═══ DATA

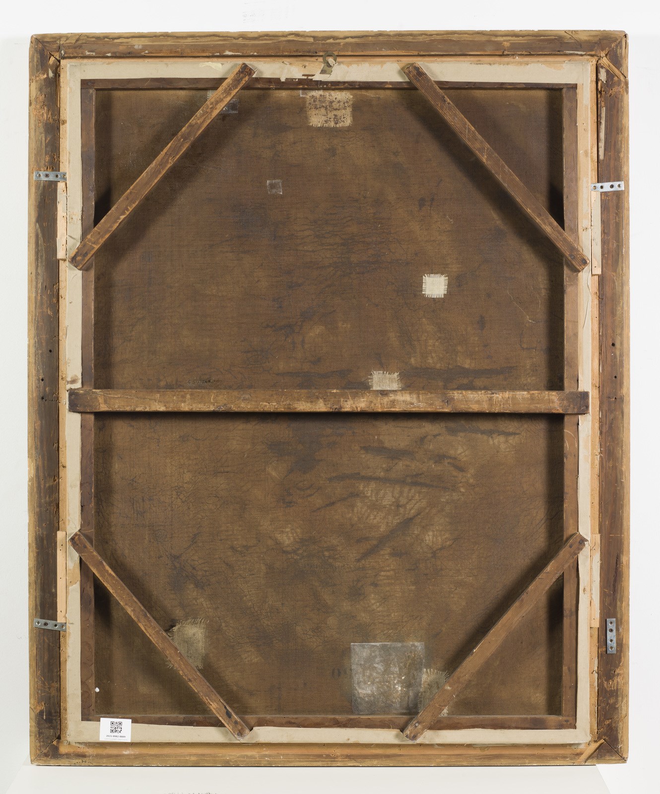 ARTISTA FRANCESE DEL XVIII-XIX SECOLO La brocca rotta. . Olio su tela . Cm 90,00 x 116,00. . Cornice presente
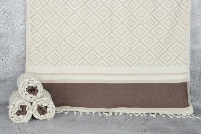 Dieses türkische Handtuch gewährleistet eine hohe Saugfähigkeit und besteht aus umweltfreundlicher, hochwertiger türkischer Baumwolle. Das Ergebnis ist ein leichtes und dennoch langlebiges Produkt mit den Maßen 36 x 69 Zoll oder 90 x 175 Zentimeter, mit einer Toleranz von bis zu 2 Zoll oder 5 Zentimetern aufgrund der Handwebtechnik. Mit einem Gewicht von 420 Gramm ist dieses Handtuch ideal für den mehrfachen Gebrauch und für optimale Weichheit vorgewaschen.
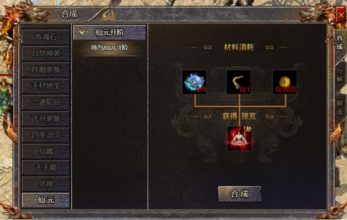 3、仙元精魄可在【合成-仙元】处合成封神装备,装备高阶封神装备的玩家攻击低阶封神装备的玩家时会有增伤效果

══════
═══ DATA

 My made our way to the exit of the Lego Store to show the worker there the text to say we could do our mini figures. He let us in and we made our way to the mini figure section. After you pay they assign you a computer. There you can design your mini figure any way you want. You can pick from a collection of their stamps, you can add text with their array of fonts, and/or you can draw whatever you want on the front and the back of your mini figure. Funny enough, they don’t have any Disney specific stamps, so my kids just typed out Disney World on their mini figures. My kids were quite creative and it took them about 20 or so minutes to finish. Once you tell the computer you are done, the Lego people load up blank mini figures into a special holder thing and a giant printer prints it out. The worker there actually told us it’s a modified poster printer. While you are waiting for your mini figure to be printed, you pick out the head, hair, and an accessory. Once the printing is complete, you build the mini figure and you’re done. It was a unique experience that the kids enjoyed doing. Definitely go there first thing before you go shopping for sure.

══════

> PROBLEM TO SOLVE:
The stretch above running from the line with "ARTISTA FRANCESE DEL" through the line with "3、仙元精魄可在【合成-仙元" is all you should copy, exactly, leaving out the pictures.

> ANSWER TO THE EXERCISE:
 ARTISTA FRANCESE DEL XVIII-XIX SECOLO La brocca rotta. . Olio su tela . Cm 90,00 x 116,00. . Cornice presente
 Dieses türkische Handtuch gewährleistet eine hohe Saugfähigkeit und besteht aus umweltfreundlicher, hochwertiger türkischer Baumwolle. Das Ergebnis ist ein leichtes und dennoch langlebiges Produkt mit den Maßen 36 x 69 Zoll oder 90 x 175 Zentimeter, mit einer Toleranz von bis zu 2 Zoll oder 5 Zentimetern aufgrund der Handwebtechnik. Mit einem Gewicht von 420 Gramm ist dieses Handtuch ideal für den mehrfachen Gebrauch und für optimale Weichheit vorgewaschen.
 3、仙元精魄可在【合成-仙元】处合成封神装备,装备高阶封神装备的玩家攻击低阶封神装备的玩家时会有增伤效果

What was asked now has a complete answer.